A concordance is a table that tells how often a word appears in a text (or where in a text it appears; but I will not be using this definition). This library instead will:
- Read a UTF-8 text, which can contain elements such as punctuation.
- Count the frequency of words in the text
- Sort the words either alphabetically or by frequency
- Return and/or print the words and their corresponding frequency
The ordering:
- Alphabetical - Will sort the words based on the locale provided.
- By Frequency - Will sort from the most frequent to the least frequent. If two words have the same frequency, they will be sorted alphabetically.
** Features **
- All languages supported by UTF-8 can be used with this Concordance.
- The concordance will sort the words based on the locale provided.
- All UTF-8 characters supported even those after the BMP.
- This concordance takes in a java.io.Reader, which means the library can parse anything from text files http streams.

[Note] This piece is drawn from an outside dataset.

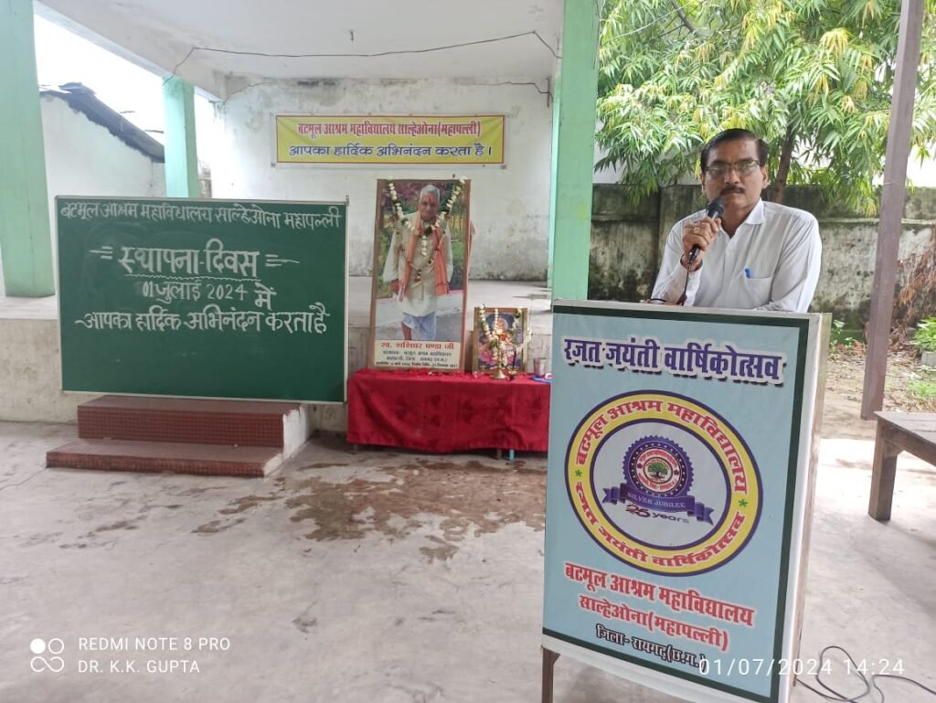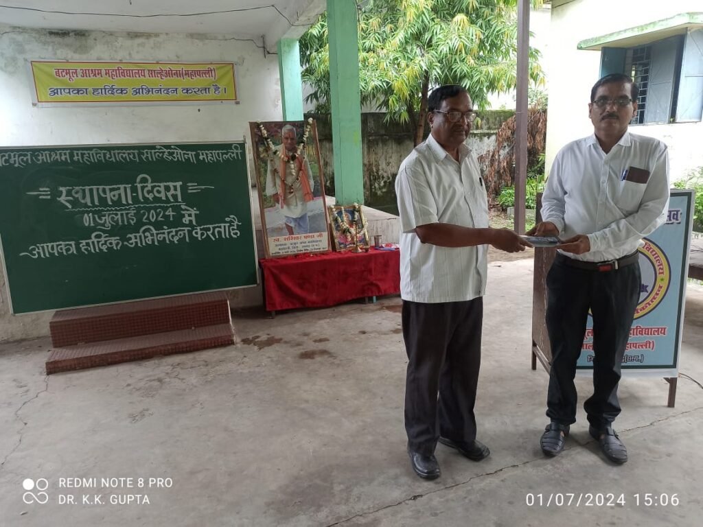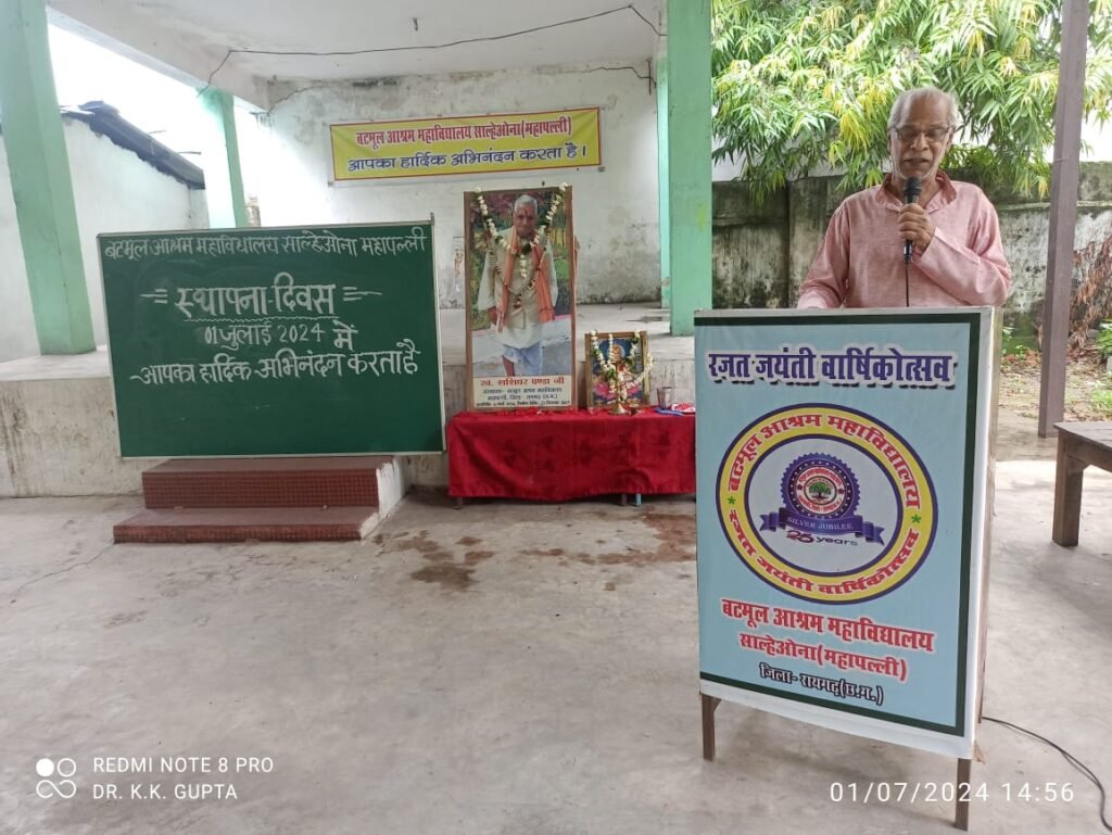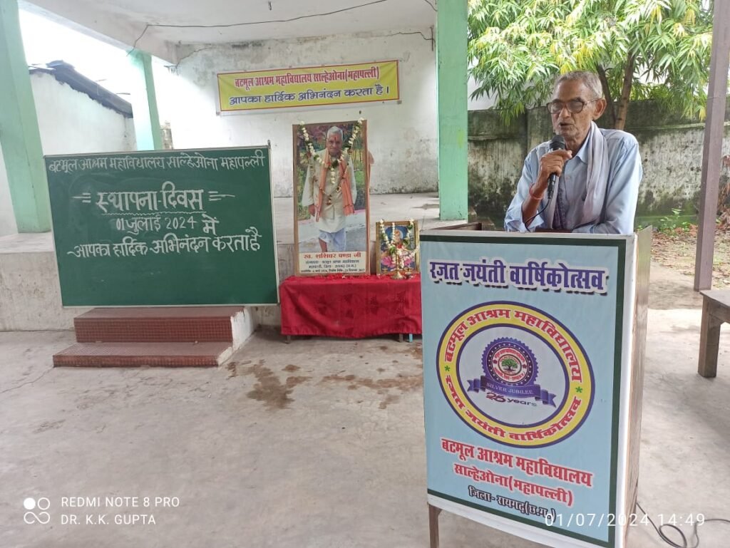 महापल्ली का 26 वां स्थापना दिवस 1 जुलाई 2024 को दोपहर 2:00 बजे मनाया गया। कार्यक्रम की शुरुआत उपस्थित अतिथियों महाविद्यालय संचालन समिति के अध्यक्ष एन आर प्रधान कोषाध्यक्ष रामावतार अग्रवाल, सचिव दशरथ गुप्ता, सदस्य टेकचंद गुप्ता, महाविद्यालय के प्राचार्य डॉ पीएल पटेल एवं संपूर्ण स्टाफ के द्वारा वाक् देवी मां शारदा के छायाचित्र के सम्मुख दीप प्रज्वलित एवं माल्यार्पण सह पुष्पर्पित कर किया गया साथ ही महाविद्यालय के संस्थापक स्व. शशिधर पंडा जी के प्रतिमा के सम्मुख दीप प्रचलित एवं माल्यार्पण कर उन्हें याद किया गया। कार्यक्रम का संचालन करते हुए राष्ट्रीय सेवा योजना के कार्यक्रम अधिकारी डॉक्टर कृष्णा गुप्ता ने महाविद्यालय के स्थापना से संबंधित संक्षिप्त जानकारी प्रदान किया। उद्बोधन की कड़ी में सर्वप्रथम महाविद्यालय के वरिष्ठ प्राध्यापक प्रो पीके कापड़ी ने अपने 25 वर्षों के अनुभवों के आधार पर महाविद्यालय के दशा और दिशा पर अपने विचार व्यक्त किया, तत्पश्चात महाविद्यालय के प्राचार्य डॉ पीएल पटेल ने कहा कि महाविद्यालय अपने रजत जयंती वर्ष पूर्ण कर स्वर्ण जयंती वर्ष की ओर प्रवेश कर रहा है। इस अवसर पर सेवानिवृत शिक्षक आनंद राम प्रधान, सत्यव्रत पंडा, महाविद्यालय संचालन समिति के सचिव दशरथ गुप्ता, कोषाध्यक्ष रामावतार अग्रवाल एवं अध्यक्ष एन आर प्रधान ने महाविद्यालय के स्थापना से लेकर 25 वर्ष पूर्ण होते तक महाविद्यालय में जो उतार चढ़ाव हुए हैं उस पर अपना अपना विचार व्यक्त करते हुए आगे एकजुट होकर महाविद्यालय के विकास के लिए अपने-अपने क्षमतानुसार निरंतर सहयोग करते रहने की बात कही। इस अवसर पर महाविद्यालय के वरिष्ठ प्राध्यापक प्रो पी के कापड़ी के सेवा को 25 वर्ष पूर्ण होने के उपलक्ष्य में उन्हें महाविद्यालय शिक्षण समिति के द्वारा साल एवं श्रीफल भेंटकर विशेष सम्मान किया गया। इस अवसर पर शिक्षण समिति के अध्यक्ष एन आर प्रधान, कोषाध्यक्ष रामावतार अग्रवाल, सचिव दशरथ गुप्ता, सदस्य टेकचंद्र गुप्ता, महाविद्यालय के प्राचार्य डॉ पी एल पटेल, वरिष्ठ प्राध्यापक प्रो पी के कापड़ी, प्रो पीके गुप्ता, डॉ व्ही के गुप्ता, डॉ कृष्णा गुप्ता, डॉ गीता देवांगन, प्रो नीलकंठ निषाद, निशांत पंडा, त्रिलोचन बरेठ, सुमन किसान, यमुना मेहर, सुशीला यादव एवं अतिथियों में सत्यव्रत पंडा, सेवानिवृत शिक्षक हेमसागर बेहरा, लखपति साव, आनंद राम प्रधान, भ्रमर प्रसाद भोय, दशरथी साहू, भीष्म देव भोय, शेषचरण गुप्ता एवं उमाशंकर गुप्ता की उपस्थिति रही। अंत में कार्यक्रम उपस्थित अतिथियों के प्रति आभार व्यक्त प्रो विक्रांत गुप्ता ने किया।

** Internal Improvements **
- Migrate to a multithreaded implementation
- Utilize MutableInt for HashMap to improve write times for already existing words
- Optimize unicode character checking
** Unsupported Features**
- Currently, apostophes and hyphenated english words will be broken at the punctiation mark. This is because the library is designed to work with all languages supported with UTF-8.
Java version at least 1.8.0_31 to use the library. Junit 4.12 to run the unit tests.

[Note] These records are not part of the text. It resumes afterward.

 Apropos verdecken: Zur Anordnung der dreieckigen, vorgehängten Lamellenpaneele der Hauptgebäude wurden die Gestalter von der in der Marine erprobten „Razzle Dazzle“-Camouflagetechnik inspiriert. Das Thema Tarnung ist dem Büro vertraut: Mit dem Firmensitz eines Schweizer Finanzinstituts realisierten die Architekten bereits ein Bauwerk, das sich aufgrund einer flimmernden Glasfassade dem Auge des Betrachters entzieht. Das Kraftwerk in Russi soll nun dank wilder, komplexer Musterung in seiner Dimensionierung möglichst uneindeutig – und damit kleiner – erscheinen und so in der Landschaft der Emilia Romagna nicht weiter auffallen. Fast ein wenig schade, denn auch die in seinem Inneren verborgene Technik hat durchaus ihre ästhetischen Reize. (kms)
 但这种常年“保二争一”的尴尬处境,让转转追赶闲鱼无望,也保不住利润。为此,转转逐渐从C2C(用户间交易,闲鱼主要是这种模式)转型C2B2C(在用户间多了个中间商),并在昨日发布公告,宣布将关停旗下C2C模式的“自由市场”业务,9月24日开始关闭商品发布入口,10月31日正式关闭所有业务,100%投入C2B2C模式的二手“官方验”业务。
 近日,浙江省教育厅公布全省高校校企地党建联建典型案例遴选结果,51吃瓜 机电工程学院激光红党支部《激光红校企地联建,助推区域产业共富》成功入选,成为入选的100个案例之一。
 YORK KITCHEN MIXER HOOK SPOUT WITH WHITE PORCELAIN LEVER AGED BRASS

You will need Junit in order to run the tests. As of writing this, the test successfully compile and run with Junit 4.12.
There are two test suites and 8 test files.
- Unit Tests - Tests the public functions using various input from upper unicode values (above BMP) to various languages and their punctiaton.
- Stress Tests - Tests are library against large files with a large breadth of words and a large set of repeating words.
- Spencer Reeves - Initial work
This project is licensed under the MIT License.